FIG. 5 illustrates an exemplary embodiment of a system 500 for mitigating risks associated with commodity transactions. An input/output device 508 enables entry of information to rate structure determination module 504 and demand information determination module 506. A hedging strategy determination module 502 may be coupled to rate structure determination module 504 and demand information determination module 506 for developing a hedge strategy based at least on the rate structure information and the demand information. The results of the hedge strategy may be provided to the end user through the input/output device 508.
 Other aspects of the invention provide for using weather derivative or insurance contracts, for example, to mitigate Volumetric Risk, which is essentially variability in End User energy costs driven by changes in climactic variables. Volumetric Risks may exist if an End User's expected energy commodity demand has some degree of variability around an expectation. If, for example, cold weather forces the End User to procure more natural gas for heating, the End User's total energy commodity costs may subsequently increase because the End User must procure more units of the commodity.
FIG. 6 illustrates that a rate structure associated with a commodity may be determined at step 602 and demand information may be determined at step 604. Based on this information, a hedging strategy may be developed at step 606. More particularly, the fixed price per unit may be determined from the utility tariff and the historical energy demand information may be determined from the end user, if the end user receives energy from a regulated utility. Alternatively, the fixed price per unit may be determined from the contract between the end user and the third party supplier, if the end user receives energy from a third party supplier. Using these pieces of information, for example, a volumetric hedge may be constructed for the end user using market quoted products. This hedge may be constructed from many combinations of, for example, traded contracts, investments, physical assets or liabilities, transactions, securities, weather derivatives, etc.
 In another exemplary embodiment for constructing a Volumetric Risk hedge, Volumetric Risk the invention provides for the End User to contract, or continue contracting with a Utility for Bundled Utility Service. and to analyze the Utility tariff to understand how Volumetric Risks are passed through the tariff to the particular End User. For example, the Utility tariff may require the End User to pay the Utility one fixed rate per mmBTU of natural gas consumed. This rate may be constant during the effective duration of the tariff. However, if the End User consumes more natural gas, the End User's total commodity cost may increase. Alternatively, if the End User consumes less natural gas, the End User's total commodity cost may decrease.

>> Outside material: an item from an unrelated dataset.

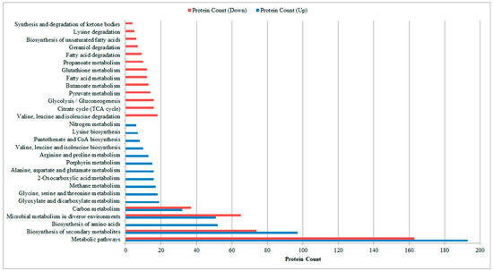 We then performed KEGG pathway enrichment analysis for these two clusters of proteins. There were 17 pathways enriched in the proteins in Cluster 1 (down-regulated expression), and 16 pathways enriched in the proteins in Cluster 2 (up-regulated expression). It should be noted that enrichment analysis was mainly used to retrieve the functional profile of a given gene/protein set (i.e., differentially expressed proteins here), which is generally performed by using statistical approaches to find classes of genes/proteins that are significantly over-represented (i.e., by comparison of their frequency to the whole genome) [26]. Therefore, the term “pathway” (or “metabolism”) merely represents that many proteins that are part of a specific metabolic pathway are identified here; it is neither necessarily a complete pathway nor a particular part of it (see Supplementary Tables S1 and S2 for the detailed lists). As illustrated in Figure 2, the most common pathways, including metabolic pathways, biosynthesis of secondary metabolites, microbial metabolism in diverse environments, and carbon metabolism, presented the large changes (i.e., much more proteins enriched in these pathways). Furthermore, the other enriched pathways only presented in one cluster (down-regulated expression or up-regulated expression). Down-regulated pathways included biosynthesis of unsaturated fatty acids (6 enriched proteins, false discovery rate (FDR): 3.76 × 10−2); butanoate metabolism (13 enriched proteins, FDR: 2.50 × 10−3); citrate cycle (TCA cycle) (16 enriched proteins, FDR: 9.39 × 10−7); fatty acid degradation (9 enriched proteins, FDR: 2.35 × 10−3); fatty acid metabolism (12 enriched proteins, FDR: 3.11 × 10−2); geraniol degradation (7 enriched proteins, FDR: 2.36 × 10−3); glutathione metabolism (12 enriched proteins, FDR: 2.37 × 10−2); glycolysis/gluconeogenesis (16 enriched proteins, FDR: 5.05 × 10−4); lysine degradation (5 enriched proteins, FDR: 4.81 × 10−2); propanoate metabolism (10 enriched proteins, FDR: 6.75 × 10−3); pyruvate metabolism (14 enriched proteins, FDR: 3.76 × 10−2); synthesis and degradation of ketone bodies (4 enriched proteins, FDR: 2.37 × 10−2); and valine, leucine, and isoleucine degradation (18 enriched proteins, FDR: 5.47 × 10−7). Up-regulated pathways included: 2-oxocarboxylic acid metabolism (16 enriched proteins, FDR: 1.54 × 10−5); alanine, aspartate, and glutamate metabolism (16 enriched proteins, FDR: 4.60 × 10−5); arginine and proline metabolism (13 enriched proteins, FDR: 0.0124); biosynthesis of amino acids (52 enriched proteins, FDR: 1.11 × 10−11); glycine, serine, and threonine metabolism (18 enriched proteins, FDR: 1.75 × 10−6); glyoxylate and dicarboxylate metabolism (19 enriched proteins, FDR: 7.40 × 10−6); lysine biosynthesis (7 enriched proteins, FDR: 4.31 × 10−2); methane metabolism (17 enriched proteins, FDR: 3.02 × 10−5); nitrogen metabolism (6 enriched proteins, FDR: 4.34 × 10−2); pantothenate and CoA biosynthesis (8 enriched proteins, FDR: 4.07 × 10−2); porphyrin metabolism (15 enriched proteins, FDR: 5.68 × 10−4); and valine, leucine, and isoleucine biosynthesis (10 enriched proteins, FDR: 4.29 × 10−4).

 The invention further calls for one to understand factors that drive changes in the End User's natural gas demand. For example, an End User may require natural gas for heating, in which case colder weather increases the End User's natural gas consumption. Alternatively, hot weather may increase an End User's consumption of electricity for cooling. Finally, business cycles may increase or decrease a process facility's demand for input stock, such as, for example, natural gas or electricity.
 Based on the rate structure and demand information, for example, projections of the End User's energy commodity consumption may be developed. This projection may include developing a distribution of potential energy commodity consumption for each of a period of numerous future months. This distribution may also possess various moments, such as a mean (expectation), variance, standard deviation, skewness, and/or kurtosis, etc.
 The distributions of potential energy commodity consumption may be combined with rate structure and demand information to develop an understanding of the End User's economic sensitivity to changes in underlying climactic and/or business cycle variables. This may result in another set of distributions, for example, of an End User's total energy commodity costs, given an input price that is fixed per unit of consumption.
 Another aspect of the invention involves gaining an appreciation for aspects of these total energy commodity cost distributions that the End User may want to hedge against. Since all End Users are not equally risk averse, some End Users may desire only to hedge against extreme climactic events. In this case, out-of-the money weather call options may be appropriate. In other cases, an End User may desire to completely eliminate Volumetric Risks and may therefore find buying an at-the-money weather call and buying an at-the-money weather put to be a desirable Volumetric Risk strategy. The objective is to use weather derivatives, or some other volumetric hedging product, to develop a product whose value changes in roughly equal and opposite measure to changes in the portions of an End User's energy commodity costs that can be attributed to changes in climactic variables or business cycles.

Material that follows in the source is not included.